While I understand that he was misguided – ready to spill innocent blood in the name of tradition – I also strongly believe that, no matter what the circumstances, where children are being murdered the state must step in to punish those responsible in the same way that the citizens of any developed democracy would expect it to.
That is not to say that some understanding cannot be afforded to the concoction men and the communities that continue to practice these rituals. Unlike those with the benefit of technology who can see a badly developed fetus and terminate it before birth, the mothers whose babies are killed in northern Ghana have no such options.
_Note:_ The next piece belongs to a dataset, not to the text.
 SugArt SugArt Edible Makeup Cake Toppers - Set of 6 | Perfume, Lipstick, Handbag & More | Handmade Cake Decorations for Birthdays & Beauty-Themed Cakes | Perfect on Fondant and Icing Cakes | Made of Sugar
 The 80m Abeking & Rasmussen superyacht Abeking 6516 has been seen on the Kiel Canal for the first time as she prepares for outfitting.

They may find themselves giving birth to a child only to discover that it is not normal: it will never be accepted and will always be a burden on those around it. In the absence of technology or a refuge for mother and child to escape to, the concoction man is the only solution. As a result, the parents perceive him as a saviour; the only one who can deliver them from enduring further hardship. And the concoction men in turn thrive on the standing and power this affords them in the community.
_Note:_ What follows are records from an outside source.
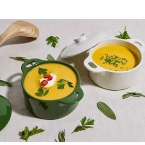 Mini round ceramic cocotte set. Features a playful design with broccoli graphics. Perfect for cooking and serving.
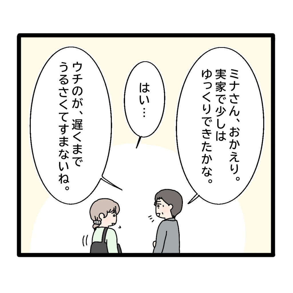 すると、「ミナさん、おかえり。実家で少しはゆっくりできたかな」義父にそう言われて、「はい・・」と返事をすると、「ウチのが、遅くまでうるさくてすまないね」と謝りました。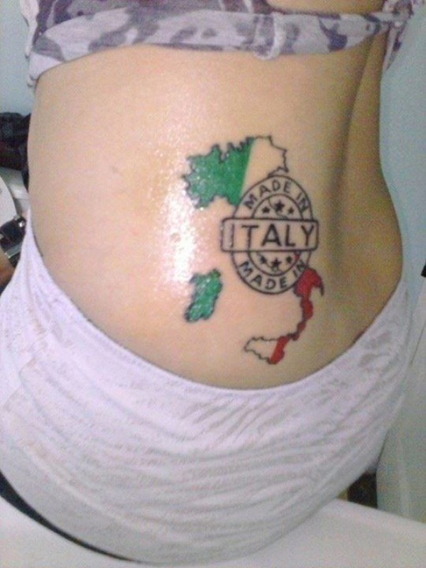 腰部意大利地图彩绘纹身图案

When we think of slavery or the burning of alleged witches, these crimes against humanity were only eradicated when key actors in government decided to take a stand. By declaring these practices as unacceptable and threatening those who continue to perpetrate them with prosecution, governments have brought about the abolition of centuries-old traditions in a relatively short space of time.
Permitting evil to triumph over good
From northern Ghana, where the spirit child story is set, through Burkina Faso, Benin and parts of Nigeria, countless babies are killed based on age-old cultural beliefs. But despite this, we were unable to find any evidence of previous arrests for these crimes.
During the three weeks that I worked on this story, I came across 10 men who were willing to kill a baby for spiritual reasons. They were easy to find. Yet when I asked a senior police officer why no arrests have been made, his response was: “It is a very difficult thing to do. It’s unfortunate, we have no idea why this is happening, who is behind this and why they have not been arrested.”
My intention is not to suggest that one investigation or police arrest can stop this trend. But in many ways, the practice’s continued existence is a result of the impunity enjoyed by those involved. The fact that the police have never acted in any way to prevent these children being killed is surely a strong incentive for the concoction men to continue their business as usual. Invariably, this type of laisser-faire attitude is what permits evil to triumph over good.
Democracy has no value if it is only limited to occasional ceremonies for power holders. It is worthless if the voiceless are crushed and the perpetrators of atrocities are allowed to continue living their life without suffering any consequences. It certainly cannot exist where freedom and justice, selectively applied, mean that children are killed with impunity.